Over the last four years, more than half the states in the country have passed school choice legislation, propelled by families who are demanding more freedom and more say in how their children are educated and protected.

The Educational Choice for Children Act has the potential to bring school choice to every state, including ours.

But here in Nevada, Democratic lawmakers are doing everything they can to stop that momentum. Rather than listen to parents, they’ve chosen to listen to the teachers’ unions.

The latest example? Senate Bill 460 — disguised as the Educate Act — is a calculated, top-down attempt to reassert government control over public charter schools, private schools and homeschooling families.

Introduced by Senate Majority Leader Nicole Cannizzaro, SB 460 cloaks itself in the language of reform, but dig deeper and the real agenda becomes clear.

The bill allocates $250 million exclusively to school district teacher raises.
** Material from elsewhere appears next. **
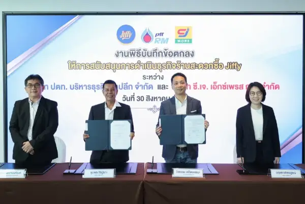 OR หนุนธุรกิจร้านสะดวกซื้อ “Jiffy” จับมือ “ซี.เจ. เอ็กซ์เพรส กรุ๊ป” รับความต้องการลูกค้า ดันขึ้นสู่ผู้นำธุรกิจค้าปลีกเต็มตัวนายดิษทัต ปันยารชุน ประธานเจ้าหน้าที่บริหาร บริษัท ปตท. น้ำมันและการค้าปลีก จำกัด (มหาชน) หรือ OR เป็นประธานในพิธีลงนามบันทึกข้อตกลงให้การสนับสนุนการดำเนินธุรกิจร้านสะดวกซื้อ Jiffy ระหว่าง บริษัท ปตท.บริหารธุรกิจค้าปลีก จำกัด หรือ PTTRM ในฐานะกลุ่มบริษัทในเครือของบริษัท ปตท.น้ำมันและการค้าปลีก จำกัด หรือ OR ลงนามโดยนายชุมพล สิริปูชกะ กรรมการผู้จัดการ PTTRM และบริษัท ซี.เจ. เอ็กซ์เพรส กรุ๊ป จำกัด ลงนามโดยคุณวีรธรรม เสถียรธรรมะ ประธานเจ้าหน้าที่บริหาร CJ Express Group)
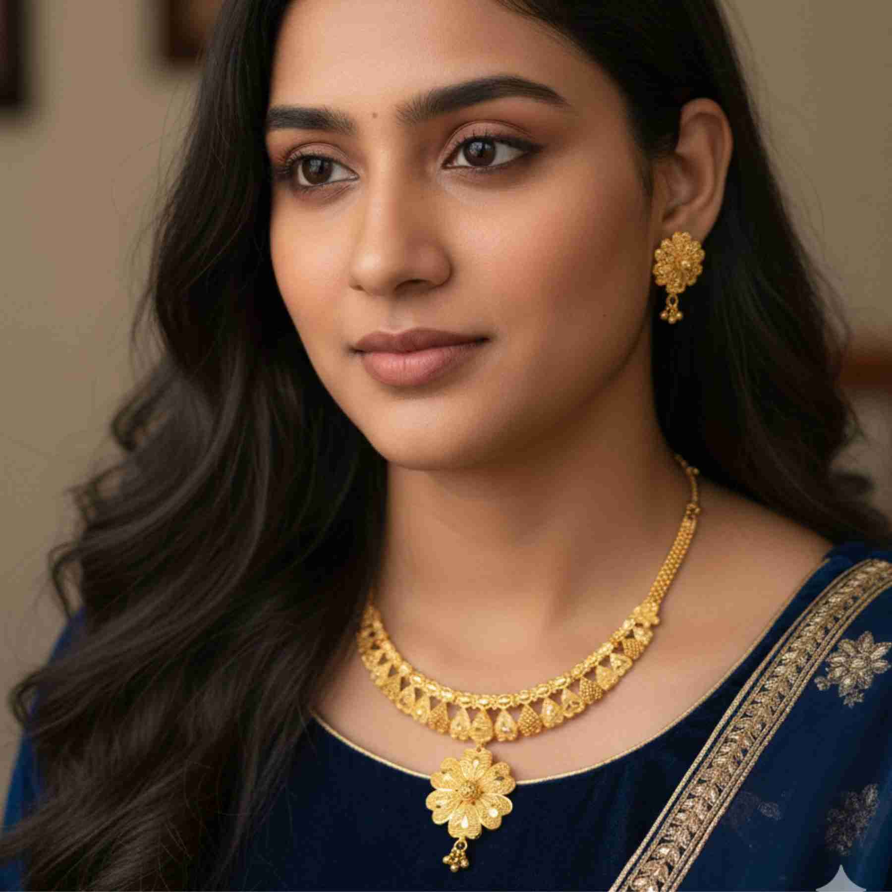 Crafted on a durable copper base and finished with real gold plating, this lightweight necklace set features a charming flower motif that blends tradition with comfort. Paired with matching earrings, it’s ideal for daily wear, festive functions, or adding a soft, feminine touch to your ethnic outfits.

Public charter schoolteachers, who serve more than 70,000 of Nevada students, are shut out entirely.

This is not equity: it’s favoritism for the status quo.

Even more troubling is the bill’s effort to expand state power over educational alternatives.

SB 460 would give school districts a greater voice in opposing new public charter schools, effectively allowing entrenched interests to block innovation and competition.

This might be good for stakeholders in the current education system, but it’s terrible for students and families.

The bill also imposes standardized testing mandates on Opportunity Scholarship recipients, forcing them to take the same state assessments used in public schools — the Smarter Balanced Assessment (SBA ) — even though private school students on opportunity scholarships already take nationally recognized norm reference tests that better match their learning environments.

This one-size-fits-all approach not only misrepresents student achievement; it undermines the very reason parents sought different education environments in the first place.

But SB 460 doesn’t stop there.

It crosses a troubling line by requiring parents to disclose their personal reasons for leaving a school or withdrawing from the scholarship program.

Public school families aren’t asked to share private information like this.

Why should those who choose alternative educational paths be treated differently? Why don’t they have the same rights to privacy as those who choose the government stakeholders’ preferred option?

This is more than bureaucratic overreach; it’s an invasion of privacy and a violation of students’ FERPA rights.

The likely outcome? Private schools may abandon the Opportunity Scholarship program rather than submit to intrusive state mandates.

Charter schools could face mounting resistance from district officials wanting to end competition that’s besting them. And homeschooling families may find themselves subject to a growing web of regulations.

Let’s be clear: SB 460 is not about accountability, It’s about control.

It’s about reinforcing a system that prioritizes adults over children, bureaucracy over innovation, and politics over parents.

Nevada families deserve better.

They deserve educational freedom, respect for their decisions, and real support; not political gamesmanship that undermines the very options so many depend on.

Senate leadership should set aside partisan agendas and work with Governor Joe Lombardo to find true common ground.

That means protecting school choice, honoring parental rights, and investing in all students; no matter where or how they learn.

Now is the time to raise your voice. The future of educational freedom in Nevada depends on it.